There is nothing more frustrating than watching your community’s ping spike to 999ms or seeing your server console flooded with fake connections. If your game is lagging for no apparent reason or players can’t log in, you’ve likely been targeted.

Panic is your worst enemy. Let’s get straight to what you need to do to stabilize the situation.


1. Identify the “Noise”

Not all attacks are created equal. Before ramping up your firewall, try to understand what’s happening:

  • Volumetric Attacks (UDP Flood): The goal is simply to clog your bandwidth.
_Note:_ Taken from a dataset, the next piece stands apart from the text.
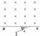 如圖所示,直線MN上方存在垂直紙面向里、磁感應(yīng)強度大小為B的勻強磁場,現(xiàn)有一質(zhì)量為m、帶電荷量為+q的粒子在紙面內(nèi)以某一速度從A點射入,其方向與MN成30°角,A點到MN的距離為d,帶電粒子重力不計。若粒子進(jìn)入磁場后再次從磁場中射出時恰好能回到A點,求:粒子在磁場中運動的時間t和粒子運動速度的大小v?
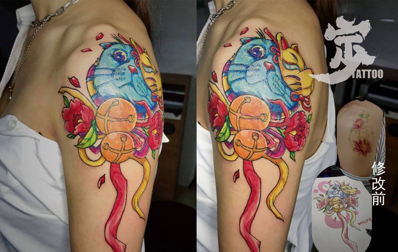 当前位置: 首页 >广东省湛江市纹身店-宁少TATTOO纹身图案>日式猫+覆盖纹身图片_手臂新传统New School纹身图案

Traffic spikes to extreme levels.

  • Application Attacks (Layer 7): These are subtler and focus on exhausting server processing by mimicking real player logins or actions.

  • Protocol Exploits: These target specific vulnerabilities in the game engine (like Minecraft, Samp, or file server protocols).

2. The Golden Rule: Don’t filter locally

If the attack has already reached your network interface, the damage is done. Trying to block IPs via iptables or Windows Firewall during a massive attack usually consumes even more CPU.

Real mitigation happens at the Edge. If you use providers like OVH or Path.net, ensure your edge firewall rules are configured specifically for your game’s port.

3. Emergency Checkpoint

While the attack is ongoing, follow these steps:

  1. Isolate Traffic: Close all ports that are not essential for gameplay.

  2. Check the Logs: Look for patterns. Are there repeating IPs? Identical requests?

  3. Enable Anti-DDoS Mode: If your control panel offers a “Permanent Mitigation” option, turn it on immediately.

Conclusion

Attacks are part of the online gaming ecosystem. The difference between a server that dies and one that thrives is the infrastructure. If you’re tired of “putting out fires,” it might be time to review your edge firewall rules.